So i spent this weekend with NG. Everything is going well. He treats me well. I feel like he has "walked the walk" so to say. Meaning that he has been through worse then i and many on these boards. Single dad with hardships.

Hes not perfect. I overlook things i would have nagged my ex for, which i feel guilty about. On paper he doesnt have what my ex has. My ex would do great on OLD. I dont think NG did. BUT He was able to actually provide for his family. He worked and saved and raised a kid. My ex could not, and twisted it to make it into my fault.

But i still mourn the loss of my ex.
Like my ex should be new guy.

My ex isnt. He left me. He was leading a secret life of addiction. He INTENTIONALLY stone walled and neglected me. Actually said to me when i was begging him not to leave "nothing will change for you. Its not like you had my affection". He had us living with my parents while for years he was secretly withdrawing 800 dollars a week. I would not be surprised if he cheated on me though i never found proof.

Yet sitting on the couch with NG, i felt loss and depressed. Which is not fair.
I like him a lot. And i respect him. I dont respect my ex. But i felt like i should be doing this with ex.

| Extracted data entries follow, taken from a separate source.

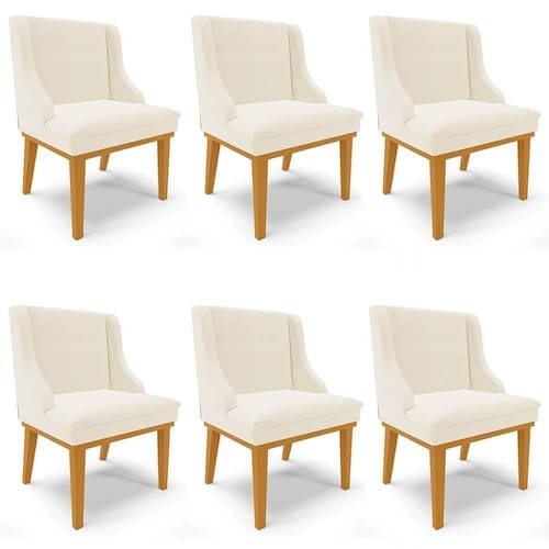 Reunir pessoas queridas e compartilhar refeições é um dos melhores momentos que temos no nosso dia, melhor ainda se for ao redor de uma bela mesa e de cadeiras confortáveis, pensando nisso a Ibiza apresenta o Kit 6 Cadeiras Estofadas para Sala de Jantar Base Fixa de Madeira Castanho Lia Veludo Bege.
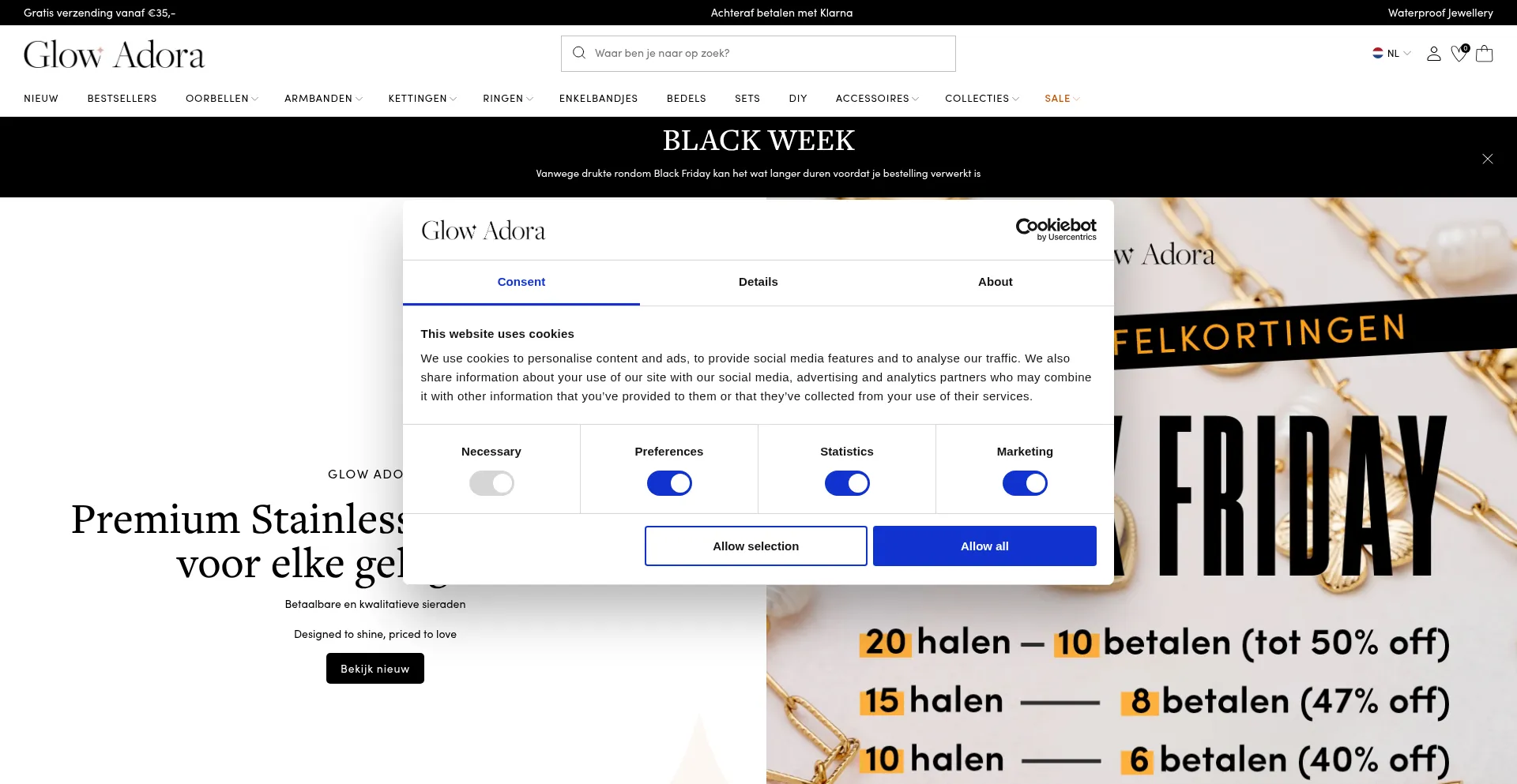 The website implements cookie consent mechanisms in compliance with privacy regulations such as GDPR or CCPA. This demonstrates that glowadora.nl adheres to data protection standards and provides users with control over personal data collection practices.
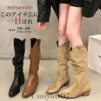 ロングブーツ 太ヒール ヒール3cm ブーツ ウエスタン 美脚 カジュアル レディース ファッション シューズ 25.0 25.5 26.0 26.5 27.0 27.5 28.0 28.5 29.0
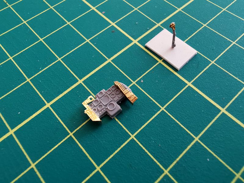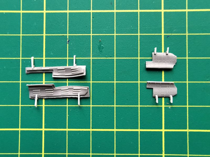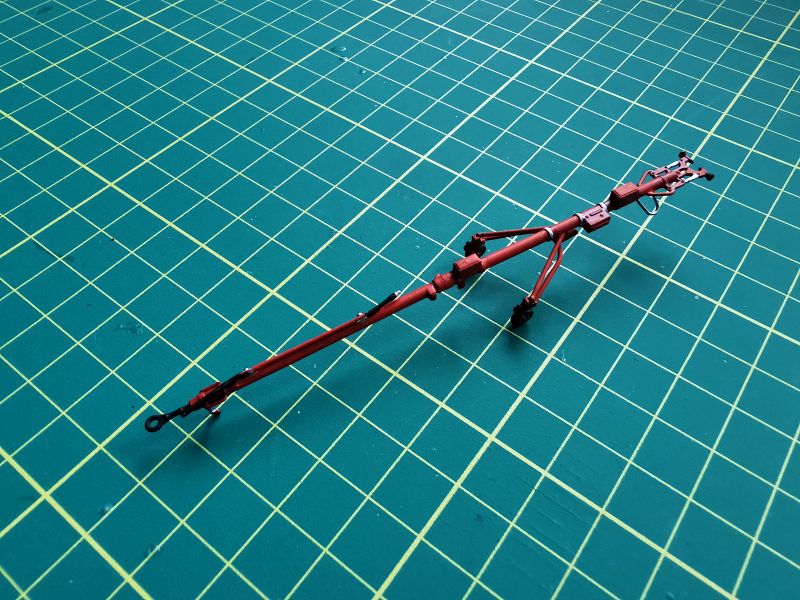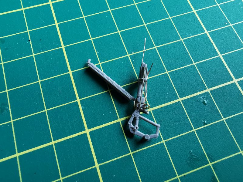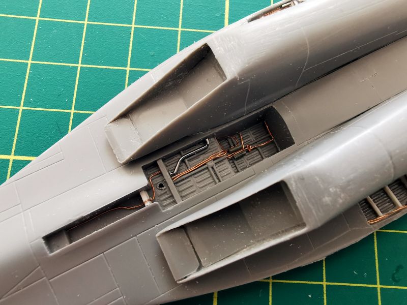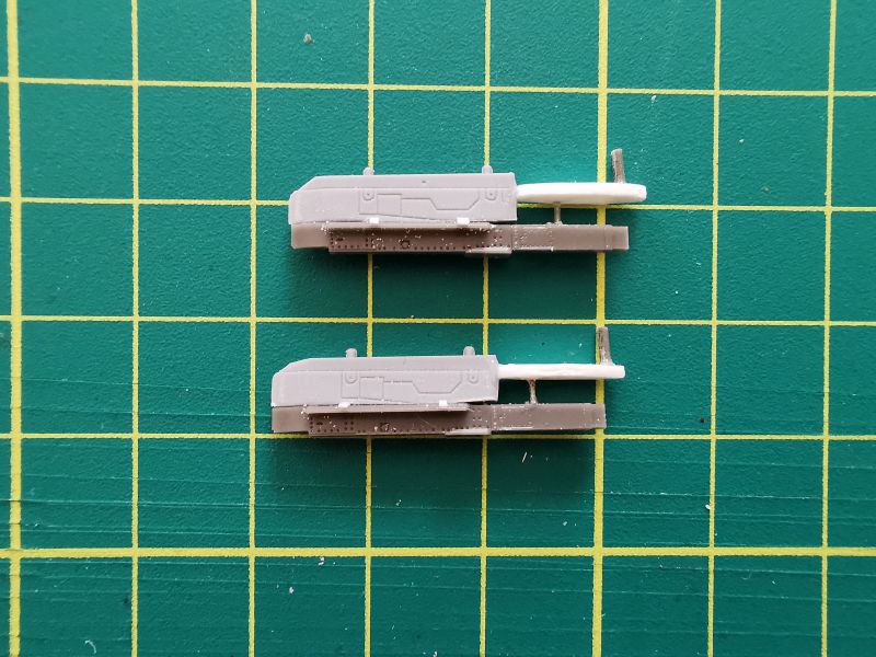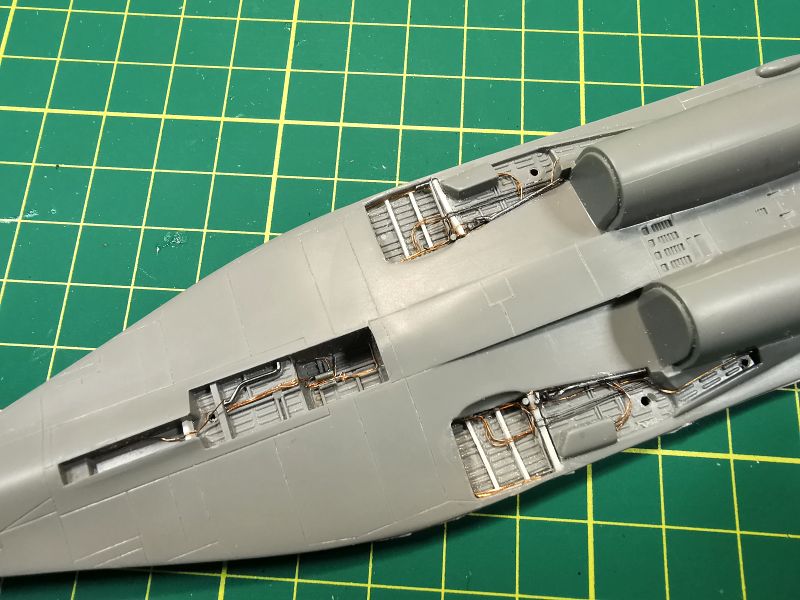 Równolegle powstawały podzespoły podwozia głównego. Golenie dostały imitację przewodów, trochę detali z Parta i trochę dorobionych we własnym zakresie na podstawie zdjęć. Pokrywy luków nowe zawiasy (zrobiłem je celowo nieco dłuższe żeby móc wygodnie operować nimi podczas malowania) oraz reflektory do lądowania wraz z okablowaniem.
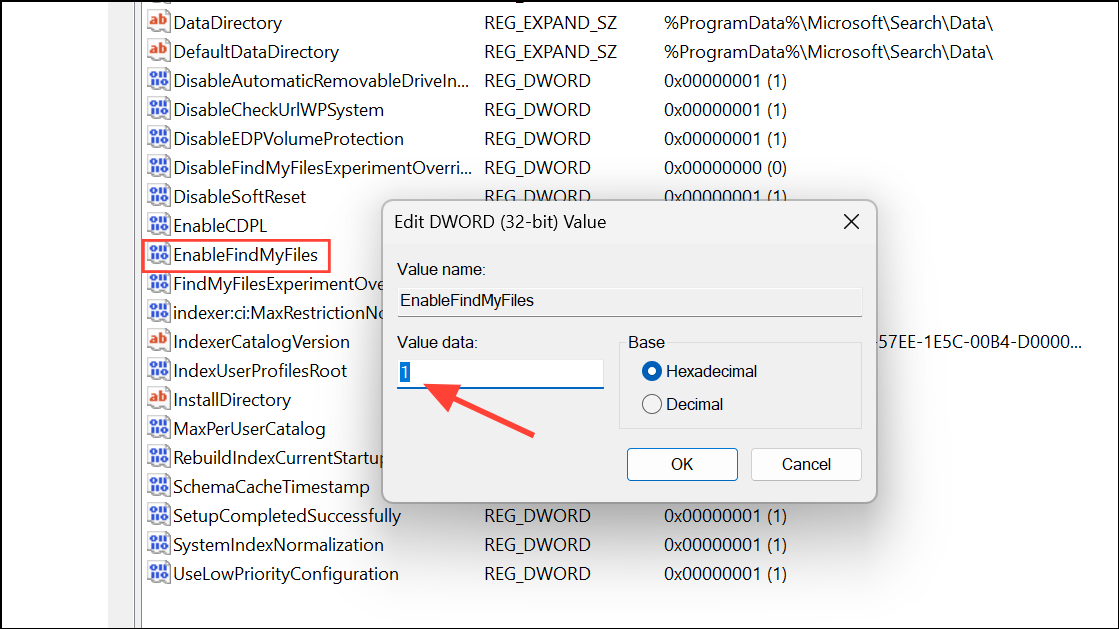 Step 3: Locate the EnableFindMyFiles DWORD value. Set its value to 1 for Enhanced mode or 0 for Classic mode.

Anyway, those of you have followed my sitch, know that anger has been a huge issue for me. I feel like i was angry at ex even before BD. I resented him and i didnt know why. My guess is that i sensed something, i just didnt have the language or knowledge base to know what.

I think anger is safe for me. Pre and post BD, I thought him leaving was all my fault. I thought his moods and failure to engage were my fault. And i begged and walked on egg shells. I followed MWDs books and advice (as well as i could) and i was exploited. I hid back my anger from him, which only validated his actions. i lost my sense of self worth and pride. And he really took advantage of me.
He pushed the limits because he was not invested in the relationship and i was. I wish i interpreted detach, as disinvest.

He is.nice and friendly to me know. Not overly, but amicable and i dont like that. After his cruelty to me it comes across as patronizing.

The anger prevents me from getting tricked and exploited. From forgetting what he was capable of.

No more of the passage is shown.